The Group recorded a significant increase in profit as compared to 1H 2016, principally supported by improvements in oil and commodities prices during the Period.

The better oil and commodities prices proved to be a major factor in helping the Group’s oil business achieve an enhanced performance from normal operations for the Period and the Group’s coal segment deliver a positive contribution despite substantial disruptions as a result of inclement weather, a considerable turnaround when compared to a loss for the corresponding period in 2016. In addition, a large increase in the fair value of the Group’s investment in AWC and a share of profit from the Group’s investment in CDH were additional key factors contributing to the Group’s improved performance during the Period. The Group’s aluminium smelting segment suffered a loss during the Period, pulling back the Group’s overall financial performance, as the segment has yet to restore its production capacity to pre-outage level.

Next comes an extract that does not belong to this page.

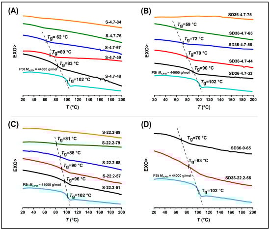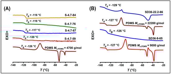 Figure 1 and Figure 2 show the DSC scans in the temperature ranges of −150–0 °C and 0–200 °C for detecting the thermal transitions of the PDMS and PSt components, respectively. These figures clearly indicate that the Tgs of both components can be detected in the PSt-l-PDMS and PSt-l-PDMS/DVB conetworks. Specifically, there is one glass transition near the Tg of the PDMS homopolymers, and another one for the PSt component in the higher temperature region of the DSC measurements. Evidently, the two separate glass transitions mean microphase separation of the PSt and the PDMS domains with significant segregation in these conetworks, which is consistent with previous reported SAXS and AFM results [73]. It must be noted that the glass transition of the PSt component with sufficient certainty cannot be detected in conetworks with low PSt contents (i.e., less than ~25 wt%), as shown in Figure 2A–C. As displayed in Figure 1, the PDMS homopolymers have Tgs, cold crystallization, and melting transitions in the temperature ranges as expected on the basis of literature reports [78,79,80,81,82,83,89,90]. However, signals indicating crystallization of PDMS cannot be detected in both the PSt-l-PDMS and PSt-l-PDMS/DVB conetworks with PDMS macrocrosslinkers having Mn,PDMS of 4.7 and 9 kDa. This means that crystallization of the PDMS component in these conetworks is fully prevented, which is attributed to the nanoconfined constraints of the PDMS nanodomains by the PSt nanophases in the bicontinuous nanophasic morphological structure of these conetworks [73]. Similar findings were recently reported for block copolymers of poly(poly(ethylene glycol) acrylate) (PEGA76) with poly(2-hydroxyethyl acrylate-polyhexanoate), that is, decrease in the crystalline fraction of PEGA76 by decreasing its fraction, but having nearly constant Tg of this component [91]. Weak cold crystallization and melting peaks appear in the DSC scan of the conetwork prepared with the MA-PDMS-MA macrocrosslinker with Mn,PDMS of 22.2 kDa (Figure 1B). This is presumably due to the higher mobility of the longer PDMS chains in this case.

Despite oil and commodities prices having a positive effect on the Group’s operating environment, conditions overall remained challenging and initiatives to control costs and expenditure and improve efficiency were maintained throughout the Period.

Crude oil

The operating results of the Group’s crude oil segment improved significantly in the Period attributable to higher average crude oil realised price and ongoing cost control. Both the Yuedong oilfield in China and the Seram Block in Indonesia achieved turnaround in results and CITIC Canada Energy Limited, a joint venture through which the Group owns, manages and operates the Karazhanbas oilfield in Kazakhstan, continued to record a profit.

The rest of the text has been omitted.